Binary Utilities (binutils)


This document describes the binary utilities (binutils), the set of tools used for compiling, inspecting, and transforming binaries (machine code files). Some of them you’ve probably heard of or used before. Other, more specialized ones, might be new to you. Learning these tools and what they can do will greatly improve your productivity as a programmer. They’ll let you quickly and easily figure out what is wrong and why with a large number of otherwise very difficult problems.

This guide refers to each tool with its short name (e.g., ld, as). Typically, on a UNIX/Linux/Darwin machine, these names refer to the native tools, tools for that computer.
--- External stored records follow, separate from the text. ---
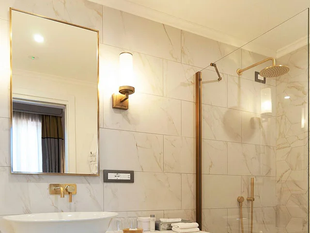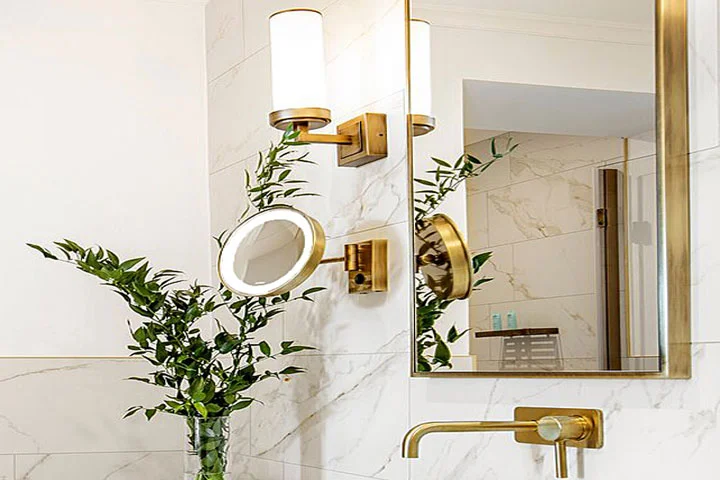 Miroirs non éclairés avec cadre de protection en laiton. Disponibles en plusieurs tailles.
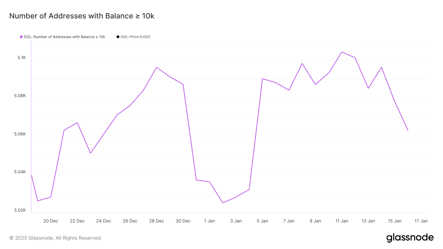 Osoitteiden määrä, jotka pitävät vähintään 10 000 SOL, kasvoi merkittävästi 4. tammikuuta ja 5. tammikuuta välillä, nousten 5 032:sta 5 090:een. Tämä noususuunta jatkui joillakin vaihteluilla, saavuttaen kaikkien aikojen korkeimman tason 5 104 11. tammikuuta.
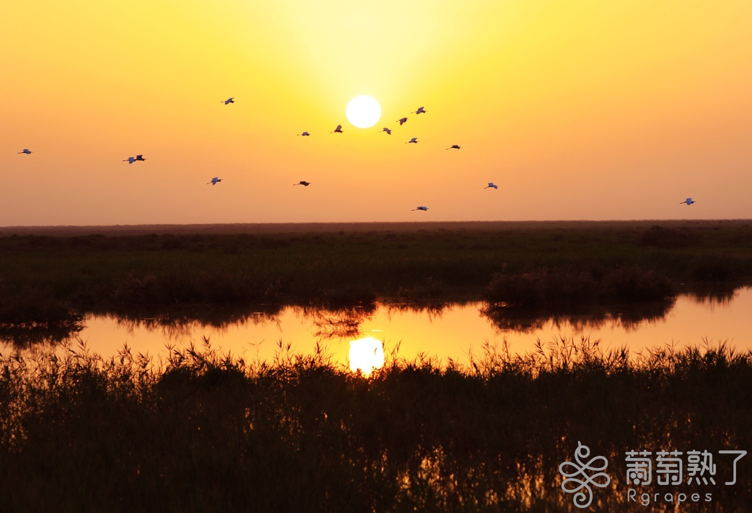 8月26日,白鷺在夕陽下的艾丁湖濕地棲息。葡萄熟了/吐魯番市融媒體中心記者 朱福平 攝
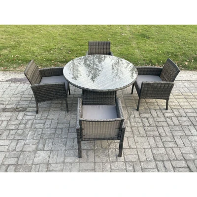 Wicker pe Outdoor Rattan Garden Furniture Arm Chair And Table Dining Sets 4 Seater Large Round Dark Grey Mixed Fimous
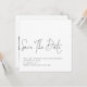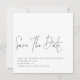 Elegant Script Black White QR Bröllop Spara Date. Tillgänglig digitalt och utskriven. Ett minimalistiskt, helt svart och vitt anpassade med ett informellt skript för huvudet och mycket tomt utrymme på en kvadratisk form för en contemporary stil. Lägg till QR-koden på din bröllop-webbplats på baksidan genom att helt enkelt ändra exempeladressen till din egen webbplats-URL och din QR-kod ersätter automatiskt exemplet QR-kod. Du kan ändra färg och bakgrund om du vill genom att redigera ytterligare alternativ.
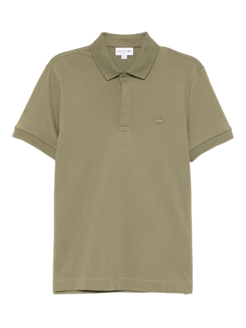 logo-applique polo shirt Highlights - Khaki green - Front button placket - Ribbed cuffs Imported Composition Cotton 94%, Elastane 6%
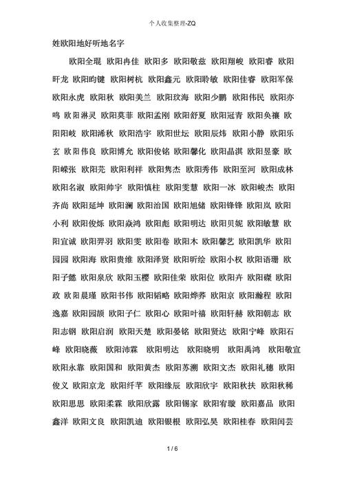 1. 避免叠词:欧阳本身是两个字,后面再加叠词(如欧阳倩倩),会显得过于琐碎,破坏了复姓的平衡感,容易给人一种低幼化的印象。

For example, gcc on a myth machine is a verion of the Gnu C Compiler for Linux on an x86 processor. Since we’re using a laptop to cross-compile for the Raspberry Pi, you want to use the binary utilities that are designed to run on your machine but compile for the Raspberry Pi. These tools are prefixed with arm-none-eabi. So you want to use arm-none-eabi-ld not ld.

Installing

Core utilities

This section discusses the core utilities that you use very often: as, ld, nm, size, strings, strip, objcopy, objdump, and ar.

as

This is the assembler. It takes assembly code (human readable text of machine code) and turns it into a binary that a processor can execute. When you invoke gcc and tell it to generate a binary (e.g., an object file), gcc first compiles the C code to assembly then invokes the assembler to generate machine code. The output of as is a file format called ELF, or Executable and Linkable Format. Almost all executables you run in Linux, for example, are ELF. ELF includes not only machine code (the E part) but also symbols, names that provide information on where different variables and functions reside (see nm and objdump below). When you compile a library, for example, the resulting ELF file has not only the library’s code, but also a set of symbols that say where the code for each library function starts. That way, when you compile a program that invokes the library function, binutils can find where it is and link the two files together correctly (see ld below).
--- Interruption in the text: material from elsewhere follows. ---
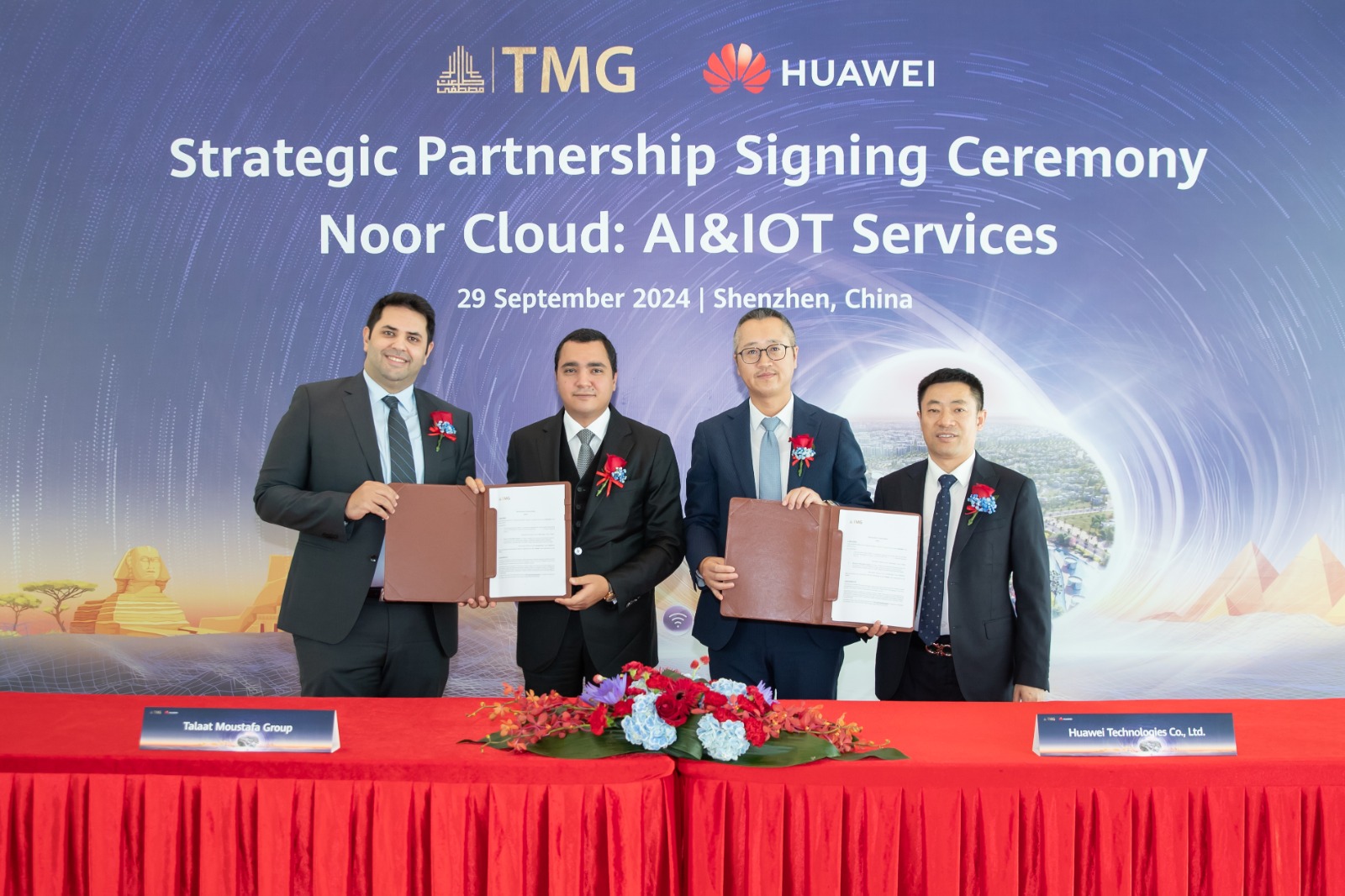 وقعت شركة هواوي، لحلول تكنولوجيا المعلومات والاتصالات، مع مجموعة طلعت مصطفى (TMG)، اتفاقية للتعاون في بناء تكنولوجيا السحابية المتطورة المدعومة بالذكاء الاصطناعي في مشروع مدينة نور، وذلك لأول مرة في السوق المصرية.

Just as the input to as might not be a executable program, the output of as might not be executable. For example, a library is a set of functions that other programs can call, but does not have any entry point (main() function). It can also be that the compiled assembly code references functions that are in another binary file. For example, your program that calls a library, when compiled into machine code, does not have the actual instructions of those library calls. The tool that takes multiple binary files and links them together is ld, described below.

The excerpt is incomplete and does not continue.